Такого оскорбления вынести я не мог, глаза у меня засверкали.
— Как же ты умудрился все это провернуть? После всего, что мы вместе выстрадали? Скажи, как?
— А я ничего и не делал, Николаша. Я всего-навсего…
— Не называй меня Николашей, ты, подонок! — взорвался я и, вытащив из-под куртки пистолет, подскочил к нему, трясясь от гнева. — Да ведь все эти годы ты был стукачом на службе у этого проклятого КГБ!
— КГБ? Нет! Да ты что, обалдел? — словно в истерике выкрикнул он, отскакивая назад. — Никогда я им не был. Ты ничего не понимаешь. Послушай, я…
— Гребаный врун! Да я твою башку расколочу и мозги размажу по всей конюшне!
Юрий отшатнулся к стенке. Я направил пистолет ему в голову, заставив его покорячиться немного, прежде чем нажму на курок. Блеснула сине-оранжевая вспышка. Раздался звучный удар. Пуля просвистела около его уха, продырявив стенку.
Юрий в ужасе вскрикнул. Он обезумел, как загнанная в угол крыса. Я прицелился и выстрелил еще раз, чуть повыше его головы. Бах! Только щепки полетели. Он весь съежился, теряя голову от страха.
— Больше не буду стрелять. Может, выбью дурь из твоей башки таким вот образом, — угрожающе проревел я и, перехватив поудобнее пистолет, хотел огреть его рукояткой.

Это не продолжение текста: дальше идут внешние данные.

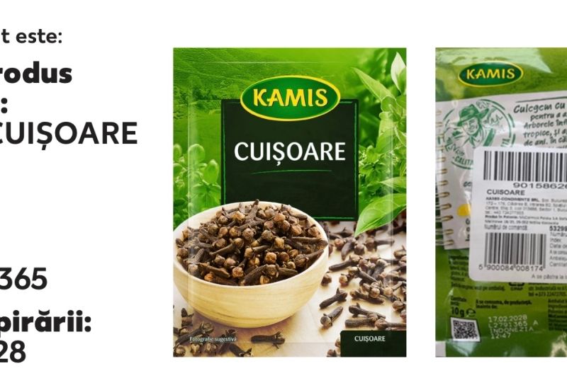 KAMIS Condimente SRL anunță că recheamă produsul Kamis plic cuișoare de 10 g, după ce au fost detectate niveluri neconforme ale unui compus chimic folosit în scopuri fitosanitare numit "clorpirifos".
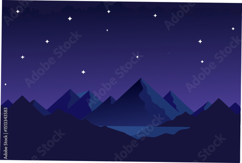 night, sky, landscape, mountain, moon, nature, star, star, vector, blue, mountain, dark, illustration, silhouette, light, space, cloud, winter, sun, planet, snow, sunset, tree, abstract, water
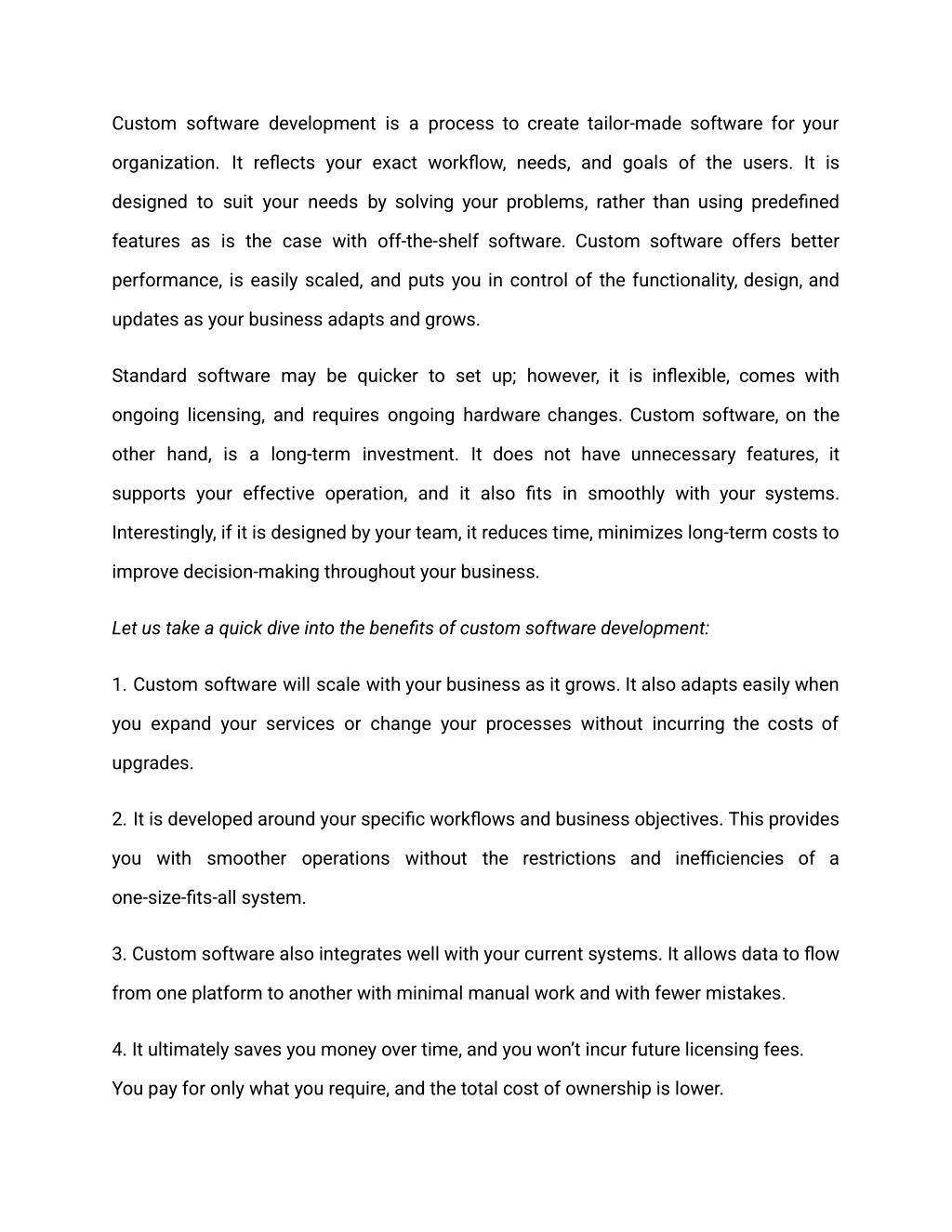 Custom software development is a process to create tailor-made software for your organization. It reflects your exact workflow, needs, and goals of the users. It is designed to suit your needs by solving your problems, rather than using predefined features as is the case with off-the-shelf software. Custom software offers better performance, is easily scaled, and puts you in control of the functionality, design, and updates as your business adapts and grows. Standard software may be quicker to set up; however, it is inflexible, comes with ongoing licensing, and requires ongoing hardware changes. Custom software, on the other hand, is a long-term investment. It does not have unnecessary features, it supports your effective operation, and it also fits in smoothly with your systems. Interestingly, if it is designed by your team, it reduces time, minimizes long-term costs to improve decision-making throughout your business. Let us take a quick dive into the benefits of custom software development: 1. Custom software will scale with your business as it grows. It also adapts easily when you expand your services or change your processes without incurring the costs of upgrades. 2. It is developed around your specific workflows and business objectives. This provides you with smoother operations without the restrictions and inefficiencies of a one-size-fits-all system. 3. Custom software also integrates well with your current systems. It allows data to flow from one platform to another with minimal manual work and with fewer mistakes. 4. It ultimately saves you money over time, and you won’t incur future licensing fees. You pay for only what you require, and the total cost of ownership is lower.
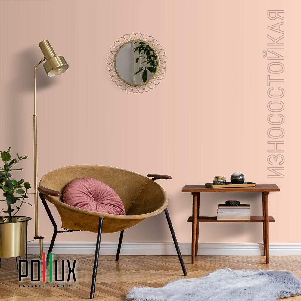 Краска моющаяся интерьерная для стен и потолков, Pollux INTERIOR без запаха, быстросохнущая, акриловая, матовое покрытие, цвет NCS S 3030-Y70R, 1л.
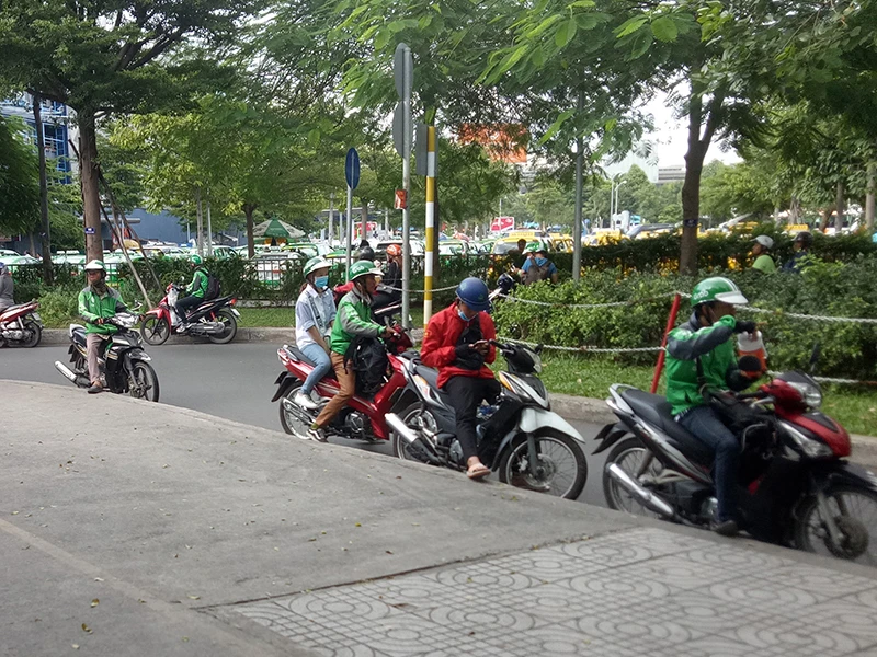 Theo quan sát của PV, các tài xế xe ôm công nghệ này thường tập trung trước bãi giữ xe hai bánh ở sân bay để tiện hoạt động. Tại đây luôn có một người đứng đầu, cũng mặc đồng phục của Grab, trên tay luôn cầm điện thoại đi tới lui để điều hành xe đưa đón khách.
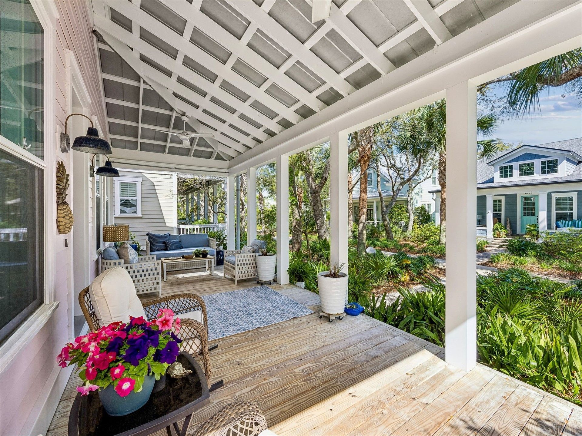 CHARMING, ADORABLE and full of CHARACTER are just a few descriptive adjectives that describe this AMELIA PARK CHARMER! Enjoy the front porch and its abutting green space and alternately the back covered deck and small garden space perfect for those who like to garden, but not labor. Come view this Amelia Island cottage with 4 spacious bedrooms, one currently being used as a den. This home lives larger than its 2086 Sq Ft and offers lot of flexibility. Along with its 4 bedrooms it has two full baths and two partial baths. Home is filled with warm ambient light. Words do not do this home justice.....one must actually see for oneself the many attributes this home offers. Here are some of those attributes: plantation half shutters and tasteful blinds throughout, low maintenance polished concrete floors in main living areas, lovely kitchen with marble counter tops and 42 Shaker cabinets and stainless steel appliances, adjoining butler's pantry offering plenty of storage space for all your kitchen gadgets and flexible entertaining options. There are plenty of storage options in this home! Hardwood treads on stairway and upstairs bedrooms are all tastefully carpeted. At the top of the stairway is a loft space perfect for guests to unwind and read a book or even perhaps do a little work. All upstairs bedrooms feature spacious closets. Large two car garage with pull down stairs for additional attic storage. Metal roof and xeriscape landscaping means no lawn mowing necessary!
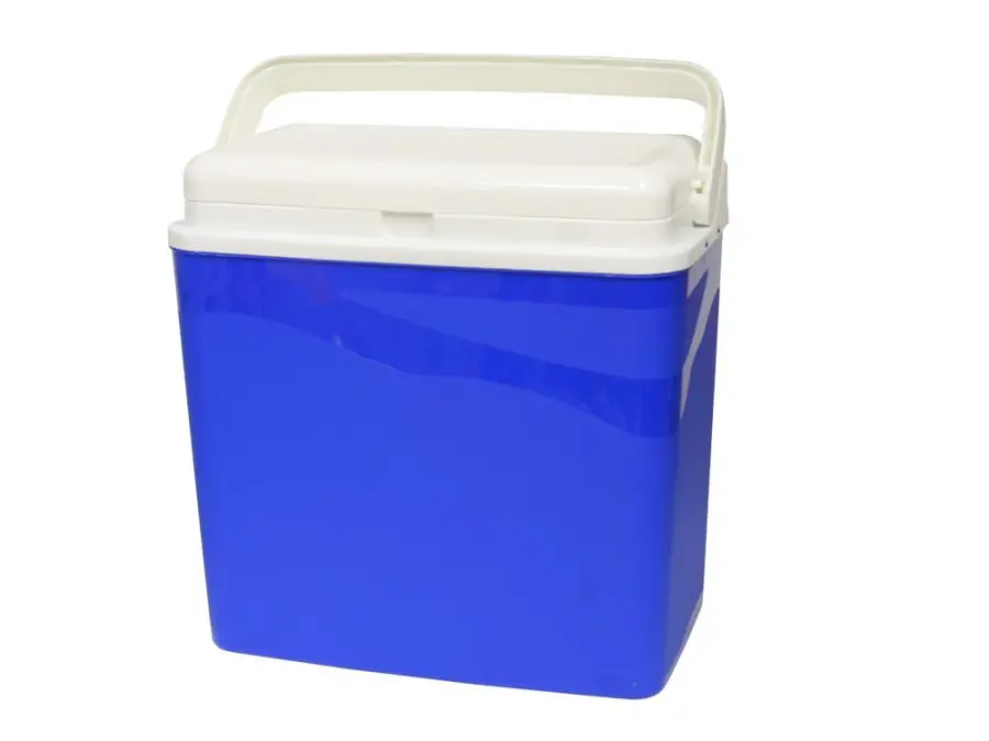 plastový chladicí box o objemu 24 l, rozměry boxu 36x20 cm a výška 37 cm, určený k přepravě a udržování teploty potravin a nápojů.
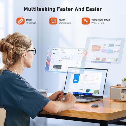 【16 GB de RAM y 512 GB de almanacemiento】Ordenador Portátil Cuenta con 16 GB de RAM DDR4 ultrarrápida, que ofrece un enorme aumento del 50 % en la velocidad en comparación con las máquinas equipadas con DDR3. Con su SSD M.2 de 512 GB incorporado, incluso admite almacenamiento ampliable a través de una tarjeta TF de 128 GB, disfrutará de un amplio almacenamiento para acomodar todos sus valiosos archivos, lo que garantiza un sistema con una capacidad de respuesta perfecta
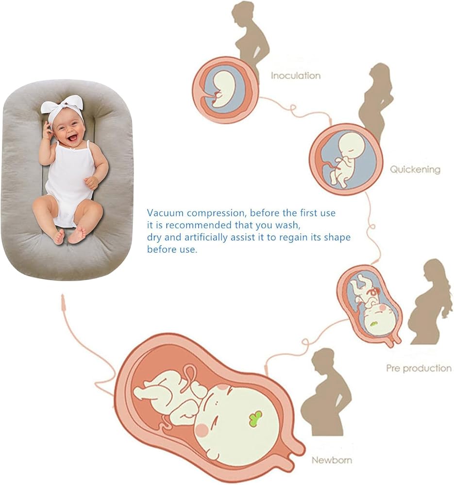 ❤️【Lounger Space】Newborn lounger size is about 29.5 x 17.7 inch,lengthen space to 12 Months and weighs only 2.65 pounds (1.2 kg),with vacuum packaging design that makes the newborn lounger a must-have for baby on the go.

Он успел схватить меня за запястье одной рукой, а другой нанес сильный встречный удар. Пистолет выскочил у меня из руки и отлетел в сторону. Мы сцепились и закувыркались на полу, стараясь дотянуться до него. Я уже чуть было не схватил его, но Юрий оказался проворнее и выбил пистолет у меня из руки. Мы одновременно вскочили на ноги. Он отпрянул назад и направил пистолет на меня.
— А теперь остынь и слушай, что я буду говорить, черт тебя подери! — выкрикнул он, заглатывая воздух, словно рыба, вытащенная из воды. — Я патриот, чтоб ты знал. Меня волнует судьба России не меньше, чем тебя.
— Не ври, дерьмо вонючее!
— Послушай, черт бы тебя побрал! Я всю свою жизнь положил на то, чтобы свергнуть коммунизм, и ты это прекрасно знаешь. Теперь у нас есть шанс покончить с ним раз и навсегда, но на это нужны деньги, огромные деньги.
— А ты знаешь, что это за деньги?
— Ну, этот вопрос меньше всего меня волнует.
— Значит, тебе хочется, чтобы наши отрасли народного хозяйства попали в грязные лапы преступных американских синдикатов?
— Они привозят в нашу страну деньги, Николай. А здесь их перехватывают русские мафиози.
— Не надо нам таких грязных подачек, черт бы тебя подрал! Соединенные Штаты уже отстегнули нам полтора миллиарда долларов. Страны «Большой семерки» вскоре тоже…
— Ах, скажите, пожалуйста. Не будь таким наивным дурачком. Будет ли у нас коммунистическое, или фашистское, или демократическое правительство — все равно правительство останется российским, а это бездонная бюрократическая трясина, которая засасывает всех и вся на своем пути. Ни копейки из этих подачек народу не достанется.
— А из этой достанется?! — в сердцах воскликнул я, показывая на контейнер.
— Да, достанется. До этих денег система не дотянется. Я намерен раздать их мелким бизнесменам, производителям, предпринимателям. По своей работе в министерстве я могу получать данные о благосостоянии людей, Николай. Немало часов провел я за анализом этих данных и на их основе составил списки граждан, которые с пользой израсходуют эти деньги. Я не собираюсь давать деньги взаймы, это будут субсидии на закупку оборудования, сырья, на создание рабочих мест и на закупку продовольствия, чтобы на столах у трудяг не переводилось бы мясо, а в хлебницах — хлеб. Эти деньги должны послужить гарантом того, что средний российский гражданин не предаст идеи демократии, пока наша подорванная экономика выбирается из разрухи.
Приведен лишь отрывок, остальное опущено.